Con todo, creo que no sólo es necesario afrontar directamente el problema, sino que hoy estamos ya

en condiciones de hacerlo. De hecho, también por este lado hay gente que ha dado el paso, y,

superado el desconcierto inicial, reconoce agradecida y aún entusiasmada el nuevo espacio que se

abre así al espíritu (al Espíritu). Espacio que se traduce en la disolución real de las sospechas sobre

la oración, en una vivencia más personalizada (rota la rutina de las mil frases hechas de que está

poblada nuestra mente) y sobre todo en una atención más viva a la originalidad de Dios en nuestra

vida, así como a la increíble gratuidad do su amor.

Objetivamente, algunas ideas importantes de las que se han expuesto aquí deben mucho al diálogo

con estas personas. Y subjetivamente, su experiencia sirve de ánimo e incluso de verificación al

teólogo, siempre dolorosamente a distancia de avalar sus ideas con la propia vida. Dura diástasis,

que ya había sufrido por su parte el mismo San Juan de la Cruz, como lo escribió al comienzo de

sus Dichos de Luz y Amor: también él constata que “teniendo la lengua de ellos, no tengo la obra y

virtud de ellos”; pero, dirigiéndose a Dios, espera que “otras personas, provocadas por ellos, por

ventura aprovechen en tu servicio y amor” .

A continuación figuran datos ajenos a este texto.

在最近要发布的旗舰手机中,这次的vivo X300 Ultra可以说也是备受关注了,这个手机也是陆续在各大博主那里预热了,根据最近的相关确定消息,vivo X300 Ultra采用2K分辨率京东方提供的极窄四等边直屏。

En todo caso, es claro que estas ideas son un ofrecimiento al diálogo y una búsqueda de intercambio

de experiencias. Al final, cada uno acabará adoptando aquella postura que sienta responder mejor a

la evidencia de las razones, en contacto con su vivencia íntima. Desde luego, sólo como intento de

comunicar algo que creo que puede ayudar a una vida de oración más crítica, rica y actualizada,

tiene sentido esta propuesta. Si alguien no acaba percibíéndola así, lo mejor que puede hacer es

dejarla de lado y darlo todo por no dicho. Si otros sienten reflejadas en ellas algunas de sus

inquietudes o intuiciones, bueno sería poner manos —conjuntadas y dialogantes— a una tarea que,

es mi convicción profunda, puede resultar decisiva, sobre todo para las nuevas generaciones.